#### [Activity]
Reproduce the full listing below unchanged, apart from the pictures.

(Supplied material)

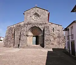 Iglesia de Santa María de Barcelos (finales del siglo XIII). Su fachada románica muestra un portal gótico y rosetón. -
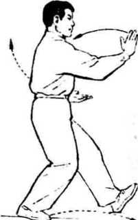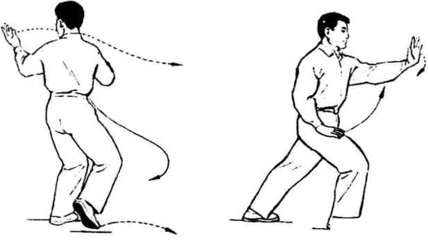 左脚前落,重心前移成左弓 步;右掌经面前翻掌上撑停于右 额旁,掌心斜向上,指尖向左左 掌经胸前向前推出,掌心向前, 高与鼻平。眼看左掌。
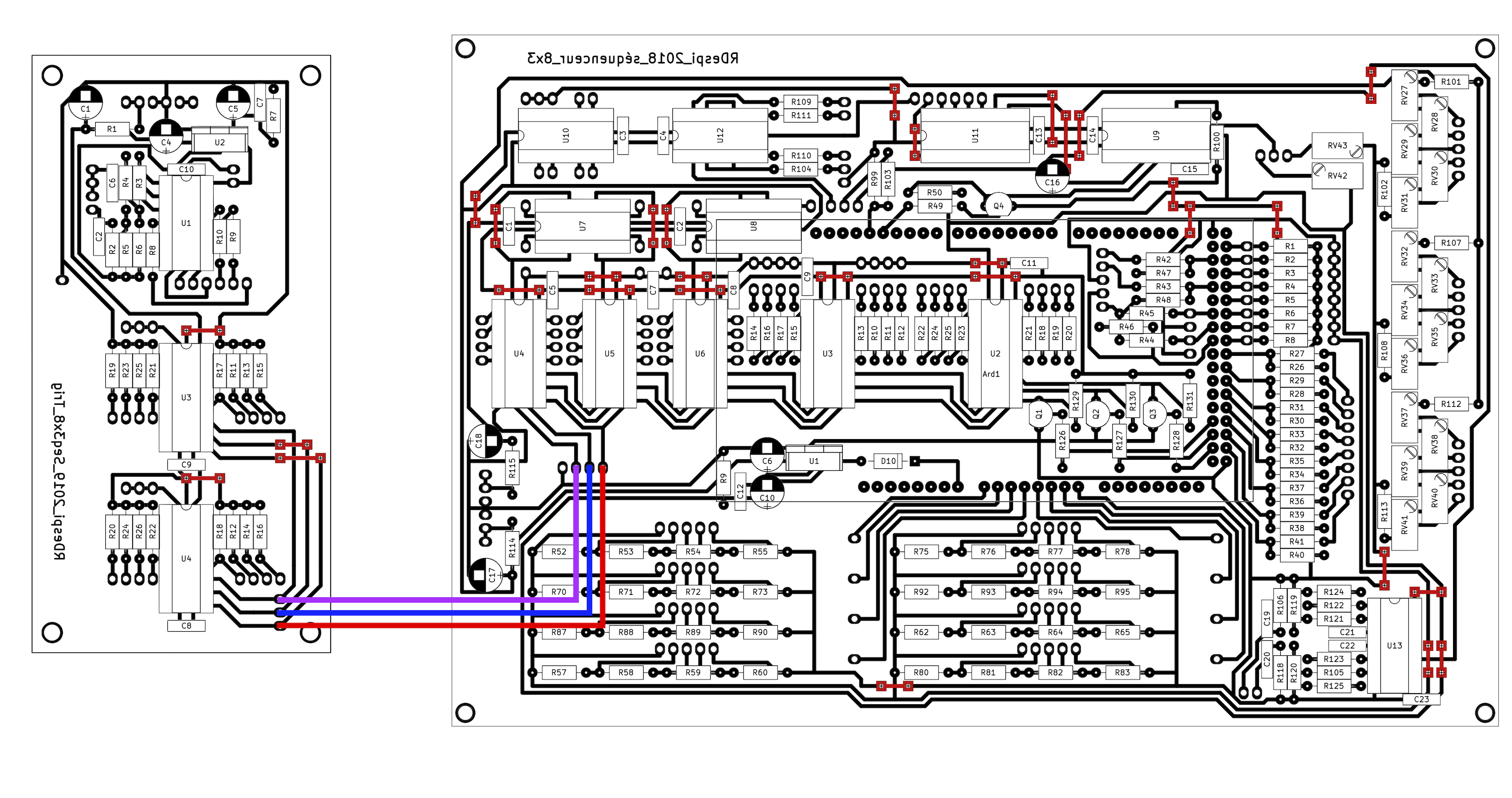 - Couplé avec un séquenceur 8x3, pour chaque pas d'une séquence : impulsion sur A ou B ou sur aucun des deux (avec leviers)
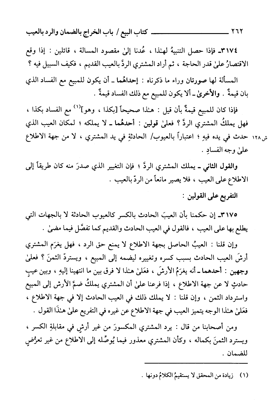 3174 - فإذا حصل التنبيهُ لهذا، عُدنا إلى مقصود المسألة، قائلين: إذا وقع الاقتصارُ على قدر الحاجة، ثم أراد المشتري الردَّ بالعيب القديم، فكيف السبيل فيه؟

(End Supplied material)

#### [Finished exercise]
 Iglesia de Santa María de Barcelos (finales del siglo XIII). Su fachada románica muestra un portal gótico y rosetón. -
 左脚前落,重心前移成左弓 步;右掌经面前翻掌上撑停于右 额旁,掌心斜向上,指尖向左左 掌经胸前向前推出,掌心向前, 高与鼻平。眼看左掌。
 - Couplé avec un séquenceur 8x3, pour chaque pas d'une séquence : impulsion sur A ou B ou sur aucun des deux (avec leviers)
 3174 - فإذا حصل التنبيهُ لهذا، عُدنا إلى مقصود المسألة، قائلين: إذا وقع الاقتصارُ على قدر الحاجة، ثم أراد المشتري الردَّ بالعيب القديم، فكيف السبيل فيه؟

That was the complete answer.